Central Mucoepidermoid carcinoma of mandible - A case report and review of the literature.

BACKGROUND: Primary central mucoepidermoid carcinoma of jaws is a rare lesion comprising 2-3% of all mucoepidermoid carcinomas reported in literature. CASE
PRESENTATION: The case presented here illustrates the hypothesis that its specific pathogenesis is unknown.
CONCLUSIONS: Mucoepidermoid carcinoma of the jaw is a rare tumour of unknown aetiology. Although about a 100 cases has been reported in literature, the speculation on its aetiopathogenesis has mainly centred on the pluripotential capabilities of the epithelial lining of odontogenic cysts.

Background

Mucoepidermoid carcinoma is usually associated with salivary glands and comprises 5–10% of all salivary gland tumours [1-3]. In 1945, Stewart and associates described its mucous-secreting and epidermal cellular elements thus establishing it as a distinct pathologic entity [4]. Eversole reviewed 815 cases and found that of the major salivary gland tumours, 89.6% involved the parotid, 8.4% submandibular and 0.4% sublingual gland [1]. The palate was the most common site for minor salivary gland involvement, accounting for 41.1% of intraoral lesions [1].

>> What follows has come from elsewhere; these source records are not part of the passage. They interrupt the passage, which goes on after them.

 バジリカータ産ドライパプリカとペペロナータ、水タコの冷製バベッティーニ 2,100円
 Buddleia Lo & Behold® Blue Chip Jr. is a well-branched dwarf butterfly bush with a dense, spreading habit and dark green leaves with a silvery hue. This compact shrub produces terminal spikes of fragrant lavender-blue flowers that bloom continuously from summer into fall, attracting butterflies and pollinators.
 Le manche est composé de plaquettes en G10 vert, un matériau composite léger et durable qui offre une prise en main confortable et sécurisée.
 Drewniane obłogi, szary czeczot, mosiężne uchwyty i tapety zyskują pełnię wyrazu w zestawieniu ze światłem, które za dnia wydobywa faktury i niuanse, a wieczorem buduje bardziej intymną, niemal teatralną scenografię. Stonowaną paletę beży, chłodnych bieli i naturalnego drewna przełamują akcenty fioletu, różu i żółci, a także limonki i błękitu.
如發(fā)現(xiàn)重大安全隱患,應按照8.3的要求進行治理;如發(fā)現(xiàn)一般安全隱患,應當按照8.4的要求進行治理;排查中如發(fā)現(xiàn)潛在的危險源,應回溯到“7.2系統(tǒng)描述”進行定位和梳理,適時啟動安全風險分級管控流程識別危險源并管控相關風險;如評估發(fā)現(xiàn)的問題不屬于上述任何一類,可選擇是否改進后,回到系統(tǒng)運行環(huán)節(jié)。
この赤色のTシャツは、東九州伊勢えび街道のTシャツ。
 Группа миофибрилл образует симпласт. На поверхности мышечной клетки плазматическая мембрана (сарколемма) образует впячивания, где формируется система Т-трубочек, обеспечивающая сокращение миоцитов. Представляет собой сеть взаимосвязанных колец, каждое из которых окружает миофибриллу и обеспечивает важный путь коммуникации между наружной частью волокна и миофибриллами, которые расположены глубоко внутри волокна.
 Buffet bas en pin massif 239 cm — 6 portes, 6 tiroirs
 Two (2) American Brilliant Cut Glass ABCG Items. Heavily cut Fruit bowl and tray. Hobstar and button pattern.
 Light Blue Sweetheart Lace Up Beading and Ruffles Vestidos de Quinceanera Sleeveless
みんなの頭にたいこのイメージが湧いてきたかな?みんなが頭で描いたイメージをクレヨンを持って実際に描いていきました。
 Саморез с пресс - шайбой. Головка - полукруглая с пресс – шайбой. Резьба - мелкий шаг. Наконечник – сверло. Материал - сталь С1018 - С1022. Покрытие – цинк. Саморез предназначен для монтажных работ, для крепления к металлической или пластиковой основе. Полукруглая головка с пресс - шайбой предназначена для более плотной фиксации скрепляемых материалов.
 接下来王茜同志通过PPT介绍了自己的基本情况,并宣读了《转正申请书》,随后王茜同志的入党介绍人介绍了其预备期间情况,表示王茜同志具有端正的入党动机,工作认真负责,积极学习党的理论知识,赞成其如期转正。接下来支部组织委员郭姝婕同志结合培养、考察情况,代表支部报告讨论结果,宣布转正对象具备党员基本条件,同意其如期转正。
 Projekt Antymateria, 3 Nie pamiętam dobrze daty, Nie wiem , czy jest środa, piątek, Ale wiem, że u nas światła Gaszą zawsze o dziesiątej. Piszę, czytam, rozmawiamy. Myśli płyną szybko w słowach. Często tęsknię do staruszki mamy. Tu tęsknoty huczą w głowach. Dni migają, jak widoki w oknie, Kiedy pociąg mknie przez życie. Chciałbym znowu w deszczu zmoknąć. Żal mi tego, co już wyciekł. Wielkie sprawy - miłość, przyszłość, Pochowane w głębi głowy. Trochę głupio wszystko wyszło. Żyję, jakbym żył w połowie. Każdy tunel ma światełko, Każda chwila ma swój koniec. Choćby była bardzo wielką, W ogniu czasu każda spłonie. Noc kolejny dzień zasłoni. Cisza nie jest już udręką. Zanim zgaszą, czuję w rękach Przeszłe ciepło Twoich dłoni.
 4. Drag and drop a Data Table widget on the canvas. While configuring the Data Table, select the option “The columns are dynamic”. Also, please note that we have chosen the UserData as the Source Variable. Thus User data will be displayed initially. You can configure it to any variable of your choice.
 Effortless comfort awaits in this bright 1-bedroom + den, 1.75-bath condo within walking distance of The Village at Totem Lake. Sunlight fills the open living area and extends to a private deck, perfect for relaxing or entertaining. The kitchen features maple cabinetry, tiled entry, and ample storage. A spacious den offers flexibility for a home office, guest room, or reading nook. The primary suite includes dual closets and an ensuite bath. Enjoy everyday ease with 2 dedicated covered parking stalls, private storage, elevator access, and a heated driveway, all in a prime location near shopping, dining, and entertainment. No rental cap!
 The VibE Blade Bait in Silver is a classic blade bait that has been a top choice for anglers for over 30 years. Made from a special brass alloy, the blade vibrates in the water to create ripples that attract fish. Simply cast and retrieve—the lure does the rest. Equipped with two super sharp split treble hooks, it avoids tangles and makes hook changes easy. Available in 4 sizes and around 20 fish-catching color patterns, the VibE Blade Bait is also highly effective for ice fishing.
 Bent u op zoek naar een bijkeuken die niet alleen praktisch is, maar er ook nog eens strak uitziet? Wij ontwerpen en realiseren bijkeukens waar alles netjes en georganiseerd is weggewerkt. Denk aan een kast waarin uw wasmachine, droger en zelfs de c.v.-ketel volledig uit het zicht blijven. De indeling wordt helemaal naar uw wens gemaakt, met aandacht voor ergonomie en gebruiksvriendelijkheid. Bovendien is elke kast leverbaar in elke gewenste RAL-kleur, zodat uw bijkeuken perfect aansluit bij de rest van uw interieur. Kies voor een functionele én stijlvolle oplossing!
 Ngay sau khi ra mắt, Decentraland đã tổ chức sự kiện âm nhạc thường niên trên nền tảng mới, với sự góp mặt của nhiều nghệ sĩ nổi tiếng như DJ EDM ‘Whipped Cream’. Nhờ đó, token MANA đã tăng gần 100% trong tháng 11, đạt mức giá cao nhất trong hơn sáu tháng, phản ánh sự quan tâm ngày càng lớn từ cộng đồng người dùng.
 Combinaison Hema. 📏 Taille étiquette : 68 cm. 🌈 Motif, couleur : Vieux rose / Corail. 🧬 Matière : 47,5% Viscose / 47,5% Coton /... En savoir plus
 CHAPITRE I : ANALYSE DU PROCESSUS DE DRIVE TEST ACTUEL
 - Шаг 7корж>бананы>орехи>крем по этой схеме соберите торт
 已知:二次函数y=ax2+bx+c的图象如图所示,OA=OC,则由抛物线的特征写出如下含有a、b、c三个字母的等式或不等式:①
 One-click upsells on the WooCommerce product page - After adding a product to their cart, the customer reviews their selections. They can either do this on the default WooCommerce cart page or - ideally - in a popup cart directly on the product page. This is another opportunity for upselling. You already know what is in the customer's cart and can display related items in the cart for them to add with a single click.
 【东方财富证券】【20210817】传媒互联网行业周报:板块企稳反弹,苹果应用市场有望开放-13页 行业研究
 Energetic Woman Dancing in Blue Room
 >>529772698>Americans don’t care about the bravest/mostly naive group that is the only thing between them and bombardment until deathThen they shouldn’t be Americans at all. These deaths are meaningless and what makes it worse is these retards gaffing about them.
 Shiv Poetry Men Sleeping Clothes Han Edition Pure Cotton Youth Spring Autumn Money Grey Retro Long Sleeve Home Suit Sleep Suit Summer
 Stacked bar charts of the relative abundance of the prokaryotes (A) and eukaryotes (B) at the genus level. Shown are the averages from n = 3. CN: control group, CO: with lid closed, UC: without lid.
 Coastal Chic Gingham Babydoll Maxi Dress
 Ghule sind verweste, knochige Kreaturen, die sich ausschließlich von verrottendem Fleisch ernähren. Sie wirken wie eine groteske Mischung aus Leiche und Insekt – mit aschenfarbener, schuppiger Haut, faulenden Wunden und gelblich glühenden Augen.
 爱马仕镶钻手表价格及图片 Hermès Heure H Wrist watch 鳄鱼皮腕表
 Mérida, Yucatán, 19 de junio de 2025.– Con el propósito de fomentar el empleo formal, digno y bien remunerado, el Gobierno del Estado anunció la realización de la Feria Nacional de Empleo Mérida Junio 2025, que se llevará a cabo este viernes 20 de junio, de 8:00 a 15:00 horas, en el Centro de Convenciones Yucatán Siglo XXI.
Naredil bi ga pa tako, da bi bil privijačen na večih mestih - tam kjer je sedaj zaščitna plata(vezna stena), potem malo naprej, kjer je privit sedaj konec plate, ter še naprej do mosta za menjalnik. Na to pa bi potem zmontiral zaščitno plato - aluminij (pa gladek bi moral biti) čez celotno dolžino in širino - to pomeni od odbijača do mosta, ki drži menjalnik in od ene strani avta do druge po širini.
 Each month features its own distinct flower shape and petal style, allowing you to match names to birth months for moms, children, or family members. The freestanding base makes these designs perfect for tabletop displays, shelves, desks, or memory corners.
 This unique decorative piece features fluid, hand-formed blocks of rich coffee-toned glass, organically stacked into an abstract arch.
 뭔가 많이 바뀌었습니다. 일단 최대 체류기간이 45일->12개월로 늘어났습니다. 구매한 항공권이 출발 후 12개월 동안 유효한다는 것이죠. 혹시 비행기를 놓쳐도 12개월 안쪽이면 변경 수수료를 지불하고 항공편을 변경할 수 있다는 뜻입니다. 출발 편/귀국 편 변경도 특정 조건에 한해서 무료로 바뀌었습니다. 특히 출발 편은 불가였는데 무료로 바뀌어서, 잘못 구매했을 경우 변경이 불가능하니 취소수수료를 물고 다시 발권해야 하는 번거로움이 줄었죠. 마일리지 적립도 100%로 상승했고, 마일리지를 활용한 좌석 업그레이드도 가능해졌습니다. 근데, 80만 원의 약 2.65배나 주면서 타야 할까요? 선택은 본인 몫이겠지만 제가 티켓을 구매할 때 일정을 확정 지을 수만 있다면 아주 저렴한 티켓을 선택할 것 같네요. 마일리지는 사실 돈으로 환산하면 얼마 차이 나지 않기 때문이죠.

Aberrant salivary gland neoplasms arising within the jaws as primary central bony lesions are extremely rare comprising 2–3% of all mucoepidermoid carcinomas reported [2]. Lepp in 1939 first reported an intraosseous mucoepidermoid carcinoma of the mandible in a 66-year-old woman [5] and Bhaskar [6] in 1963 reported two cases discussing the criteria for their origin, histological composition and possible explanations for tumour pathogenesis. In 1991, after a systematic review of its histology and degree of differentiation the WHO classification recommended that the term "mucoepidermoid tumour" be changed to "mucoepidermoid carcinoma"[7]. Waldron and Mustoe [8] suggested that intraosseous mucoepidermoid carcinoma be included in primary intraosseous carcinoma of jaw as type 4 (Table 1) [9]. A thorough review of the English literature revealed about 100 reported cases of mucoepidermoid carcinoma arising in mandible [2,3,10,11]. We report here another case of central mucoepidermoid carcinoma within the bony mandible with no initial connection to alveolus.

Table 1

Classification of Primary Intraosseous Carcinoma

Type 1: PIOC exodontogenic cyst

Type 2A: Malignant ameloblastoma

Type 2B: Ameloblastic carcinoma arising de novo, exameloblastoma or exodontogenic cyst

Type 3: PIOC arising de novo

a) Keratinising type

b) Nonkeratinising type

Type 4: Intraosseous mucoepidermoid carcinoma.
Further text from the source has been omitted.